“There was a different impact on racialized populations in British Columbia,” Henry said. “It’s not a surprise to us, but it’s something we need to pay attention to. ”
Those who identified as respondents from West Asia, Latin America and South Asia were the most likely to report difficulty meeting financial needs.
Respondents from West Asia, Latin America and Black were the most likely to report job losses caused by the pandemic.
White respondents had less financial hardship and were more likely to work, but reported drinking more alcohol.
Japanese, Korean and South Asian respondents were the most likely to have difficulty accessing health care.

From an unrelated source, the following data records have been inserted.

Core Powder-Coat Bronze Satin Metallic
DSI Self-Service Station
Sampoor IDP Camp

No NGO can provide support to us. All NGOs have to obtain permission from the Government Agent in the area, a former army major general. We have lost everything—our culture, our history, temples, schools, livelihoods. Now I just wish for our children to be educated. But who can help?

Respondents from Latin America, Southeast Asia, and Black were also the most likely to report an increased connection to family.
Calls for race-based data
The survey results come as the province asks the province to collect race-based COVID-19 data to understand the impacts of the virus on people of different races and ethnicities.
Kevonnie Whyte, a member of the City of Vancouver’s Racial and Ethnocultural Equity Advisory Committee, said earlier this week that the poll results don’t give the full picture because the information is voluntary.

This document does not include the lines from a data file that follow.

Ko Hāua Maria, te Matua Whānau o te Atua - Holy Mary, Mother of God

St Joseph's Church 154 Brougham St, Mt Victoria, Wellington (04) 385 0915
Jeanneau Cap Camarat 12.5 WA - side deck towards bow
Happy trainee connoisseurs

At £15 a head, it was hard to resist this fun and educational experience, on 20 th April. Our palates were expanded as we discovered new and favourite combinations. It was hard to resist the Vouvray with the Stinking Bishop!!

“We need it to be mandatory,” Whyte said.
The survey also found that people with incomes below $ 60,000 reported food security issues and difficulty meeting their financial needs.
More than three-quarters of households with school-aged children said the pandemic had affected their learning, and 59% said the pandemic had increased their child’s stress.
“These are all important considerations for how we move forward and the decisions we will make in the weeks and months to come,” Henry said.
The province announced that students will return to school on September 10.